“Oculus” is a good, old-fashioned, haunted-mirror movie that gets the job done as a creepy, unsettling horror flick. What’s disappointing about it is that it actually had the potential to be something more than that.
Writer/director Mike Flanagan cranks the atmosphere up to 11 with this story of a brother and sister who return as adults to battle a supernatural force that destroyed their family when they were kids.
We first meet Tim (Brenton Thwaites) as he is being released from a mental institution, deemed fit to reenter society after recovering from an intense childhood trauma.

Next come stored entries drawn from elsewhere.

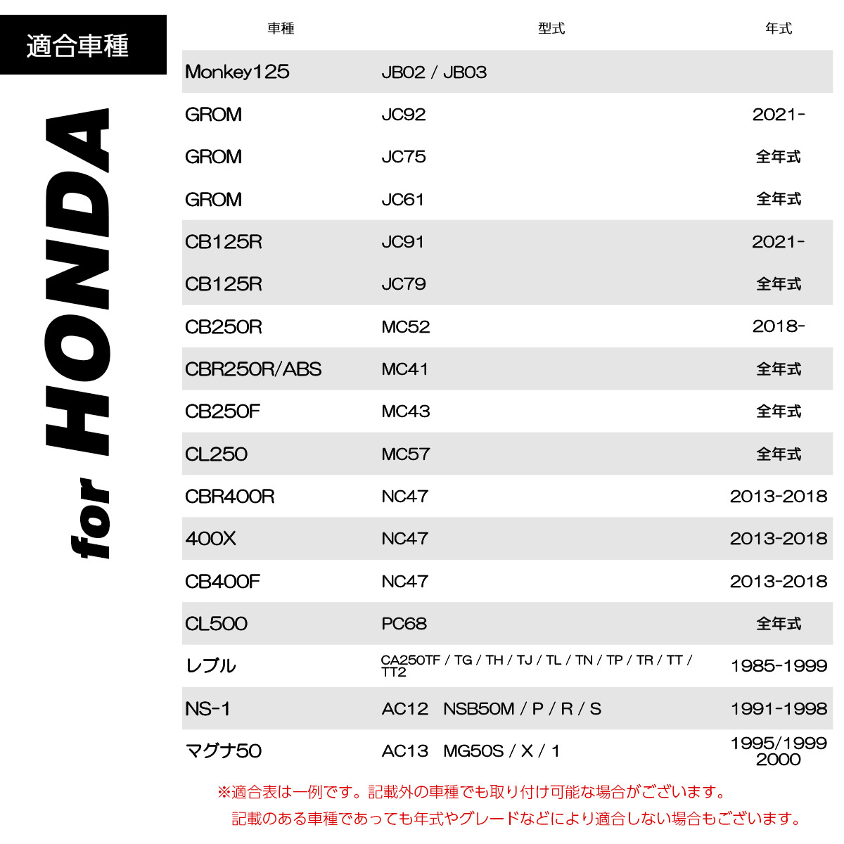 | ■適合車種:ホンダ車用 Monkey125 JB02 / JB03 GROM JC92 2021- GROM JC75 全年式 GROM JC61 全年式 CB125R JC91 2021- CB125R JC79 全年式 CB250R MC52 2018- CBR250R/ABS MC41 全年式 CB250F MC43 全年式 CL250 MC57 全年式 CBR400R NC47 2013-2018 400X NC47 2013-2018 CB400F NC47 2013-2018 CL500 PC68 全年式 ※他適合については適合表をご覧ください。 |
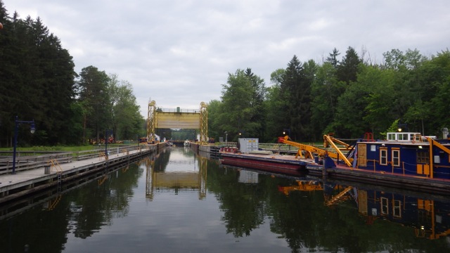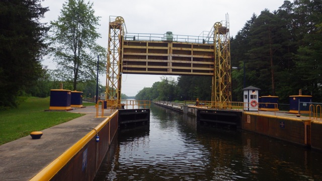 I have no pictures of Lock 5.  Again, the cables were recessed.  I tried to run our line through the cable but it was like threading a needle with a wet noodle using one hand.  I just couldn’t get the line around the cable!  Finally, the lock master came around and wound the line for me.  He even had trouble.  “The water is high right now.  I think I need three hands to go this.”  HE SAID.  Exactly!!   We could hear the other sail boats and power boats struggling as well.  The cables were oddly spaced.
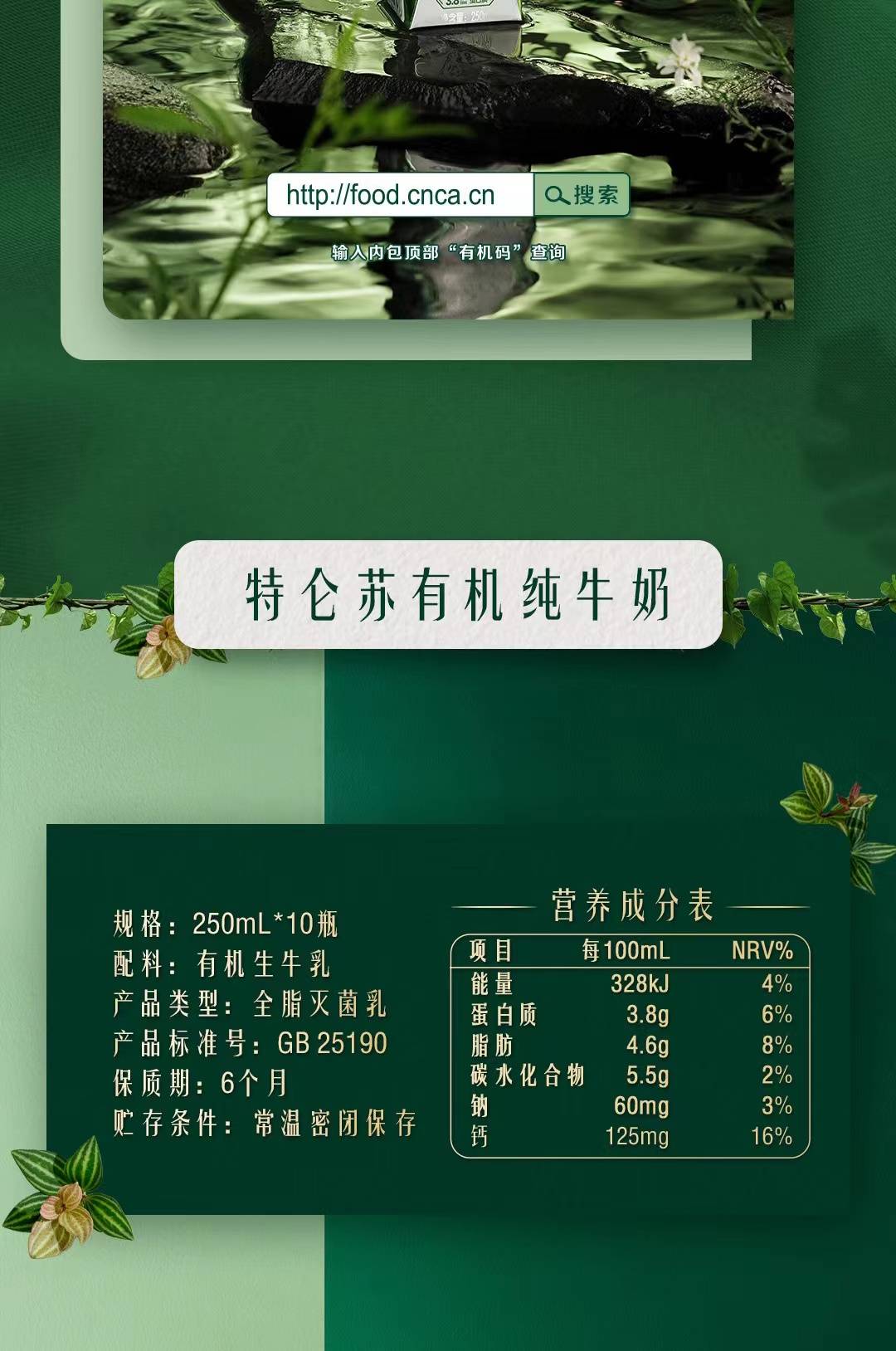 蒙牛特仑苏有机纯牛奶全脂灭菌乳利乐梦幻盖(3.8g乳蛋白)
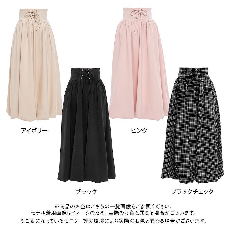 ふんわりとしたシルエットが可愛いバルーンロングスカートのご紹介。【デザイン】フロントのレースアップデザインがアクセントのロングスカート。シンプルながら、トレンドのバルーンシルエットがガーリーさをプラス。コルセットのようにウエスト切替巾が広めなので、きゅっ、ふわっのメリハリシルエットが叶います♪後ろウエストはシャーリングゴムになっており、着心地も楽ちんです♪レースアップ部分はご自身で結ぶ仕様なので、少しですがきゅっと締めてウエストも調整も可能です。
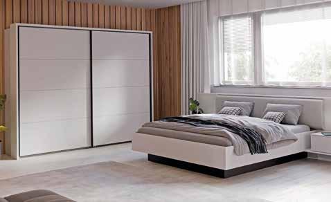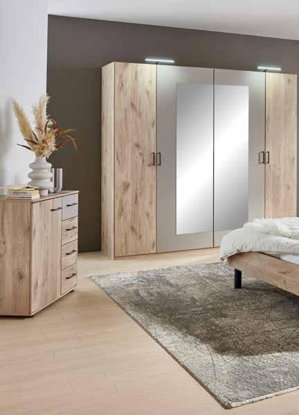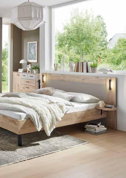 CAMERA LETTO, colore: rovere/grigio, composta da: armadio con ante scorrevoli, LxAxP: 225x208x58 cm, letto 180x200 cm, con illuminazione LED (classe energetica F), complementi d'arredo ed illuminazione armadio a sovrapprezzo, 203590
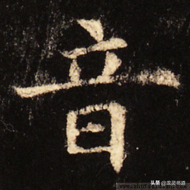 上部“立”旁呈扁三角形,整体抗肩。首笔右点居中,稍重;短横露锋入笔,抗肩,稍压首点而过,勿长;中间点、撇整体稍偏左,紧凑呼应,角度稍立;长横起笔左探,抗肩比短横略小,中间稍细,略呈拱形,收笔稍下拉。
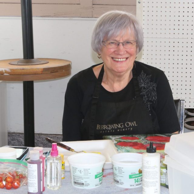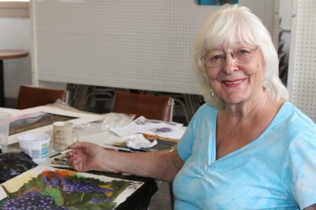 Sally Franks, President of the Sagebrusher, is finishing up a watercolour of grapes. Wonder where she gets her inspiration?
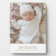 A sweet custom baby photo plaque with birth stats. Replace the sample image, upload your own newborn baby photo, and add your birth stats. Display this lovely plaque on a mantelpiece or in the nursery. Gold coloured typography. you can use the simple design tool to explore font colours.
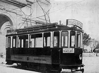 Eight twin axle electrically powered tramcars were acquired for the network from the Savigiano engineering company, and fitted out appropriately. They were 7.9 m (26 ft) long and 2 m (6.6 ft) wide, with 24 seats. Six of the eight are described as incorporating a baggage trunk (Con bagagliaio laterale). Each tramcar was powered by two 26 kW Siemens motors. One of the eight tramcars was reserved for the exclusive use of the city's "Hotel Palace".[1]
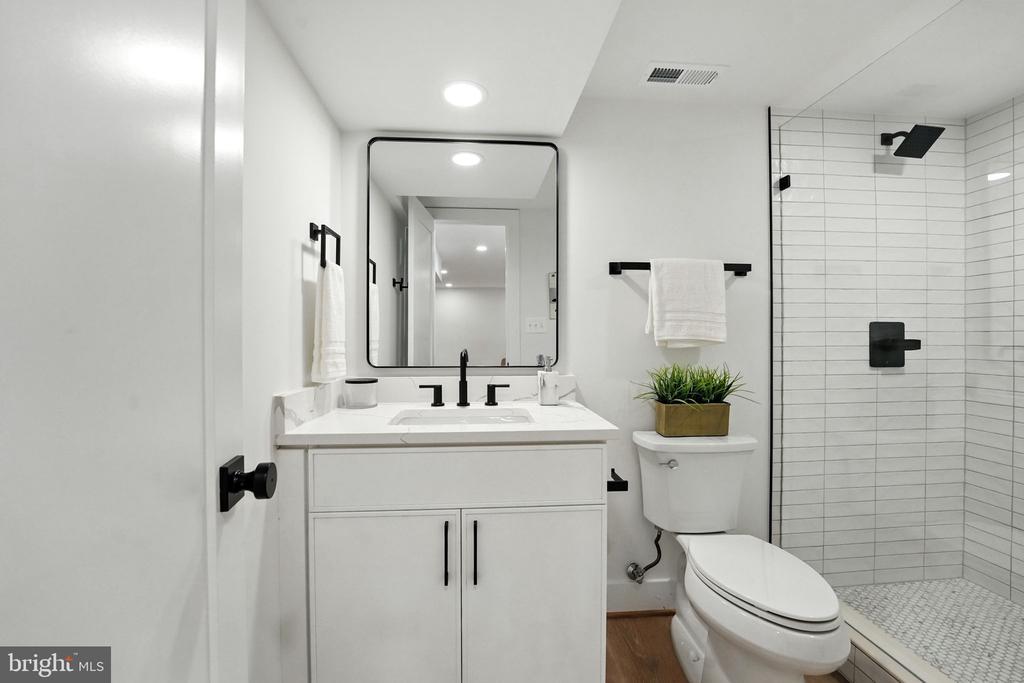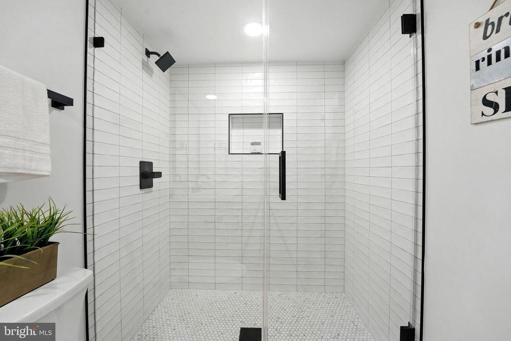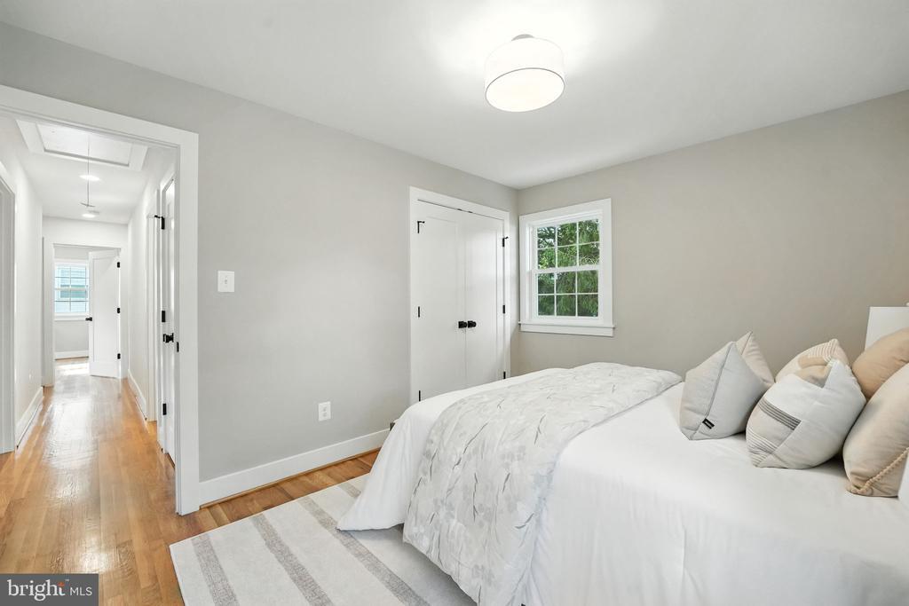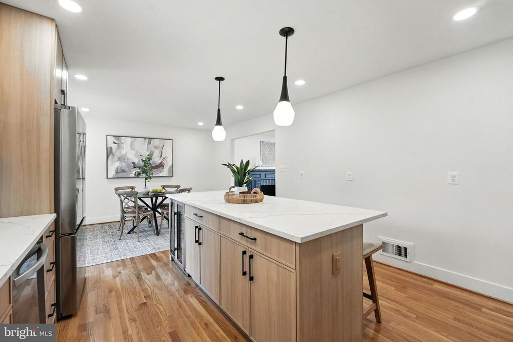 Experience refined living in this exquisite three-level center hall colonial, beautifully situated on a flat, .39-acre lot. Offering 3,360 square feet of thoughtfully designed interiors, this residence features four spacious bedrooms upstairs, a versatile fifth bedroom or den on the lower level, and 3.5 contemporary bathrooms. A sun-filled foyer welcomes you, leading to an open layout that seamlessly connects each living space. The chef’s kitchen is a culinary masterpiece, showcasing a large center island with Calcutta Laza Quartz countertops, a beverage center, and elegant wood-finished slim shaker cabinetry. Natural hardwood floors flow throughout the main and upper levels, enhancing the home’s warmth and sophistication. The inviting eat-in kitchen area opens to a new oversized TimberTech deck with impression rails, as well as a new patio—perfect for entertaining in the private, tree-lined backyard. Relax in the spacious living room, featuring a charming wood-burning fireplace adorned with modern metropolis tile. The main level also offers a generous laundry room, mudroom with ample storage, and a convenient powder room. Upstairs, the expansive primary suite includes a custom walk-in closet with a closet island and a luxurious spa-inspired bath, complete with a skylight, dual rain shower heads, and dual vanity. Three additional bedrooms provide ample space and comfort, complemented by designer light fixtures and an updated hall bath featuring a dual vanity and linen closet. The walk-out lower level is ideal for entertaining, offering a large recreation room with a wet bar and beverage center, a full bath, and a flexible den/bedroom that can serve as a gym, playroom, craft room, or office. Recent upgrades such as an architectural shingle roof, new double-pane vinyl windows, and a new concrete driveway ensure lasting quality and energy efficiency. Enjoy a vibrant community with nearby parks and lighted sidewalks for evening strolls. Conveniently located with easy access to the Westwood Country Club, shops, restaurants, Tysons Corner, Vienna Town Center, major commuter routes, and Metro. This home is also just a few steps away from Westbriar Elementary and a short drive to Kilmer Middle and Marshall High. Come check out the home for yourself, you won’t want to leave!
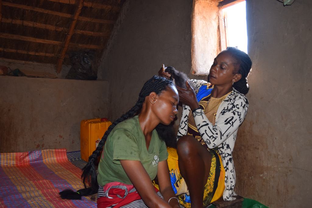 On the morning of June 12, after the legal wedding ceremony was complete, Fanja sits to have her hair braided for the traditional ceremony. The process took more than three hours, as required by local custom.
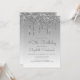 Este convite de aniversário de 40 anos de tendência apresenta uma borda cintilante cintilante de falso prateado e fundo azul ombre. As palavras "aniversário de 40 anos" e o nome do convidado de honra aparecem no roteiro casual de cinza prateada, com o resto do texto personalizável na fonte sans serif. No verso aparece o mesmo design de gota-gota prateada.
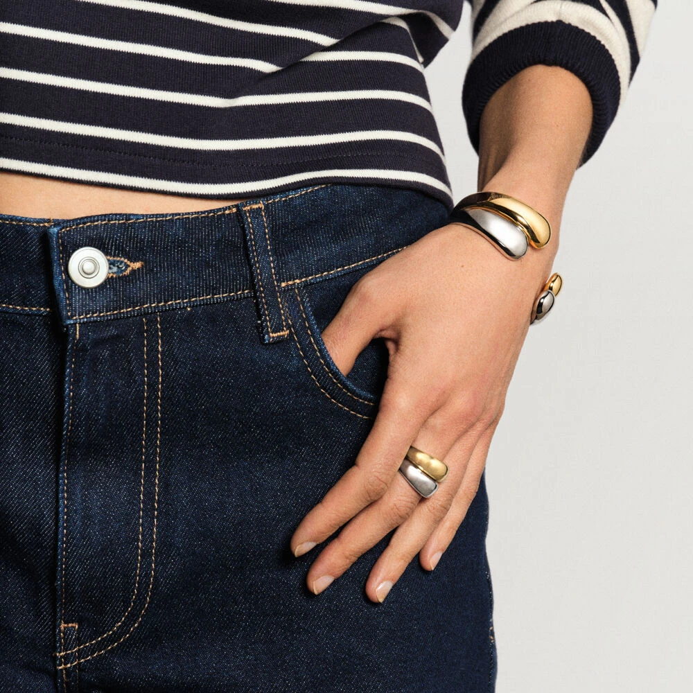 Jonc en laiton doré à l’or 750/1000 formant deux gouttes sur votre poignet..
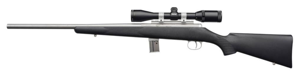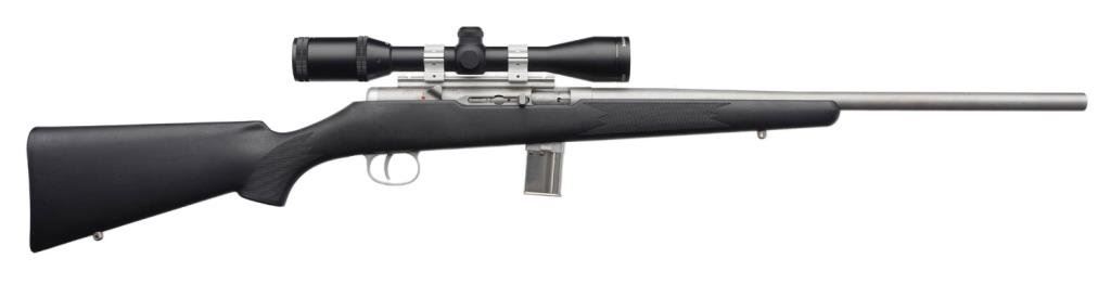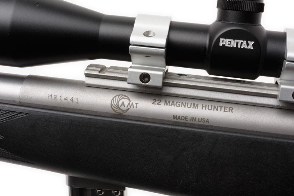 *AMT 22 Magnum Hunter Model semi-automatic magazine fed rifle, .22 Magnum caliber, 20.25” barrel, S/N MR 1441, brushed stainless finish, checkered composite stock, mounted with a Gameseeker 4-12X40 scope with good optics; overall very good to fine condition. Est.: $350-700.
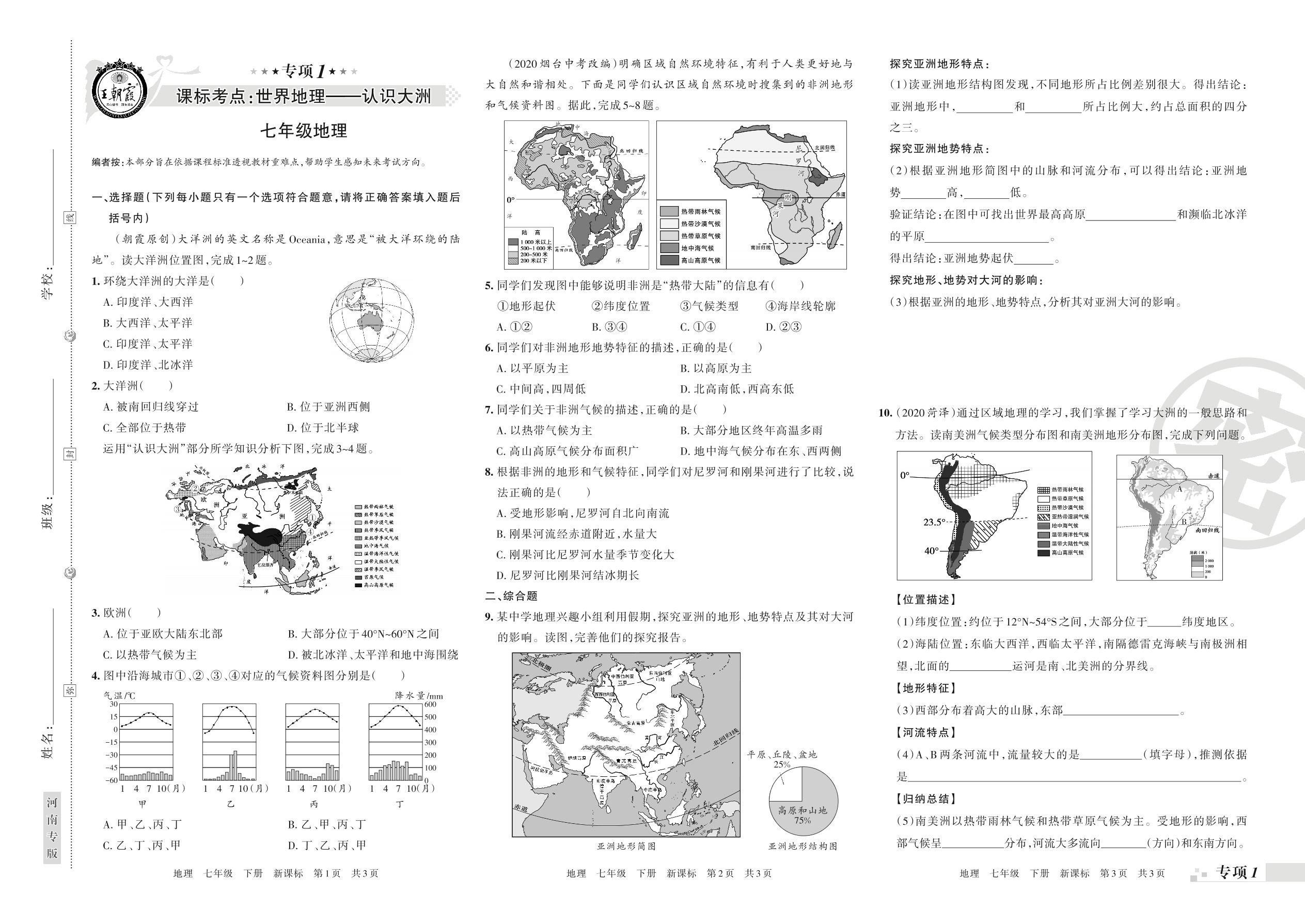 王朝霞期末专项卷——认识大洲、认识地区七年级下册地理(新课版)【0】
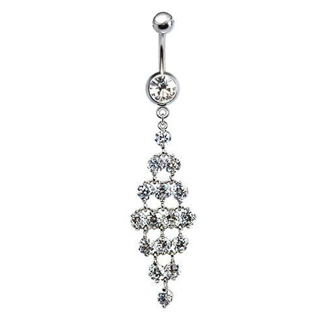 316L Surgical Steel Gold PVD Diamond Chandelier Dangle Belly Ring
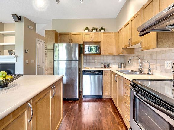 Welcome to this idyllic family home in a tranquil setting that will make you feel like you are away from it all, while being close to everything you need! This exterior end-unit home located on a cul-de-sac offers formal living & dining areas perfect for entertaining w/ gas fireplace; kitchen feat. an island & plenty of storage; casual dining w/ access to large balcony; + a family room w/ 2nd fireplace & built in speakers. Upper level feats. a peaceful main bedroom w/several closets incl. walk-in & ensuite w/ double sinks; 2 more bedrooms; plus full bath. A 4th bed/theatre room/flex, laundry room, storage & 3rd bathroom on lower level w/ access to an attached double garage. All in a friendly community next to trails & near community centre, schools, parks & more!
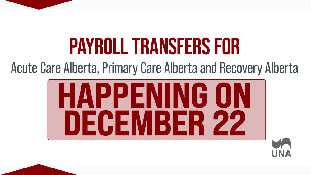 Employees of Acute Care Alberta (ACA), Primary Care Alberta (PCA), and Recovery Alberta (RA) represented by United Nurses of Alberta will be transferred from the Alberta Health Services payroll system to the payroll of their new employer on...[more]
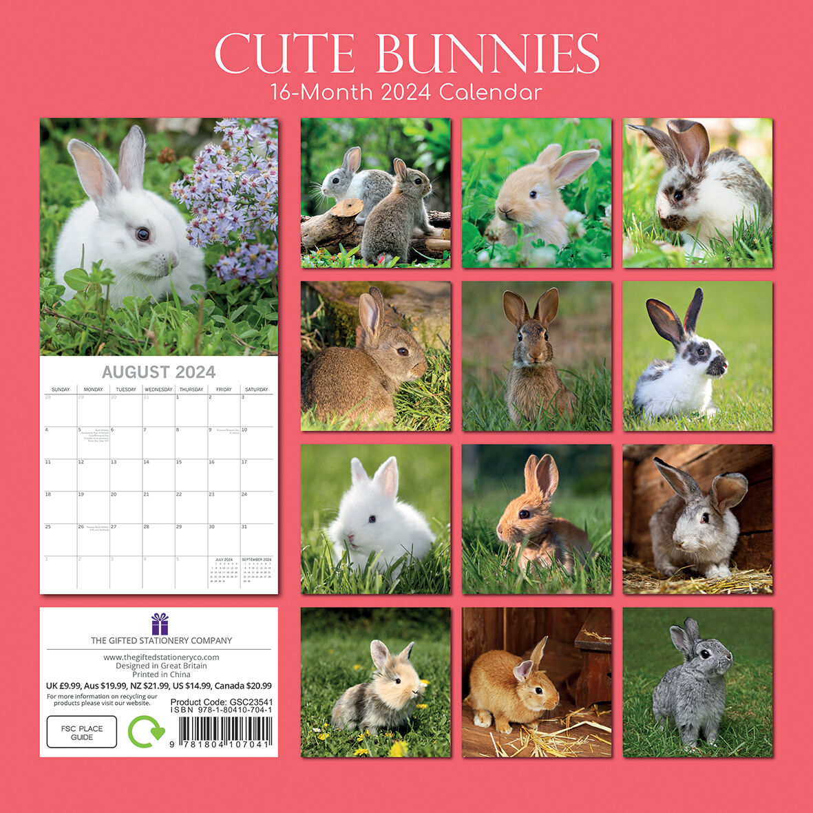 Cute Bunnies - 2024 Square Wall Calendar Pets Animals 16 Months Premium Planner

He is picked up by his sister Kaylie (Karen Gillan, who nerds everywhere will recognize as the good Doctor’s companion from several seasons of “Doctor Who”) who has tracked down and acquired the evil mirror she believes is responsible for turning their parents (Katee Sackhoff and Rory Cochrane) into murderous psychos.
Kaylie’s plan is to return with the mirror to their childhood home, document its supernatural powers with video equipment positioned around the house, and then destroy it.
Flanagan then nimbly begins to intercut Kaylie and Tim’s battle with the mirror with the events that transpired during their childhood (with their younger selves played by Annalise Basso and Garrett Ryan).
“Oculus” opts not for buckets of blood, gore, and “gotcha” scares, and instead goes all-in with heavy amounts of dread, glowing-eyed specters, and disorientation as the boundaries between what’s real and what’s not become increasingly blurred.
There’s some good stuff here and genre fans should be pleased, but “Oculus” left a lot of good cards on the table.
Sanity is a big theme that runs through this movie and much of the first half of the film features Tim and Kaylie struggling to figure out if they are survivors of an evil, supernatural force, or the inheritors of a genetic psychosis.
This would have been a much more interesting and unnerving movie had Flanagan allowed this tension to play out until the very end instead of making a full pivot into supernatural horror.
“Oculus” does a good job of playing up the terror of losing your own touch with reality, or watching as a loved one loses theirs. After so successfully setting up this theme and teasing it out it’s almost a letdown to have it all explained away as the fault of an agenda-less bogeyman.
We all go a little crazy sometimes and it’s more unsettling when there are no haunted mirrors around to blame at all.
“Oculus” is rated R for terror, violence, some disturbing images, and brief language.